» DATA EXTRACT:
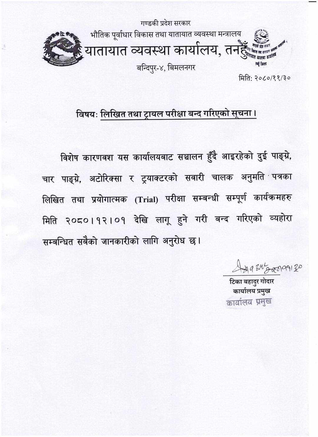विशेषकारणवस चैत १ गतेबाट लागु हुने गरि दुई पांग्रे, चार पांग्रे, अटो रिक्सा तथा ट्याक्टरको सम्पूर्ण लिखित तथा ट्रायल परिक्षा बन्द भएको कार्यालय प्रमुख टिका बहादुर गोदारले जानकारी दिए ।
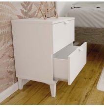 Organiza tu dormitorio con elegancia gracias a esta mesilla de noche de 2 cajones. Su acabado en blanco poro y líneas limpias aportan un toque de modernidad atemporal, ideal tanto para espacios modernos como clásicos o de inspiración nórdica. -
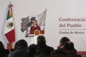 (260112) -- CIUDAD DE MEXICO, 12 enero, 2026 (Xinhua) -- La presidenta mexicana, Claudia Sheinbaum, habla durante su conferencia de prensa matutina, en Palacio Nacional, en la Ciudad de México, capital de México, el 12 de enero de 2026. Sheinbaum sostuvo una conversación telefónica el lunes con el presidente de Estados Unidos, Donald Trump, durante la cual ella descartó cualquier intervención militar estadounidense en territorio mexicano. (Xinhua/Francisco Cañedo) (fc) (ah) (oa)

» INSTRUCTIONS TO FOLLOW:
Could you return the whole listing exactly, images excluded?

» SOLVED PROBLEM:
विशेषकारणवस चैत १ गतेबाट लागु हुने गरि दुई पांग्रे, चार पांग्रे, अटो रिक्सा तथा ट्याक्टरको सम्पूर्ण लिखित तथा ट्रायल परिक्षा बन्द भएको कार्यालय प्रमुख टिका बहादुर गोदारले जानकारी दिए ।
 Organiza tu dormitorio con elegancia gracias a esta mesilla de noche de 2 cajones. Su acabado en blanco poro y líneas limpias aportan un toque de modernidad atemporal, ideal tanto para espacios modernos como clásicos o de inspiración nórdica. -
 (260112) -- CIUDAD DE MEXICO, 12 enero, 2026 (Xinhua) -- La presidenta mexicana, Claudia Sheinbaum, habla durante su conferencia de prensa matutina, en Palacio Nacional, en la Ciudad de México, capital de México, el 12 de enero de 2026. Sheinbaum sostuvo una conversación telefónica el lunes con el presidente de Estados Unidos, Donald Trump, durante la cual ella descartó cualquier intervención militar estadounidense en territorio mexicano. (Xinhua/Francisco Cañedo) (fc) (ah) (oa)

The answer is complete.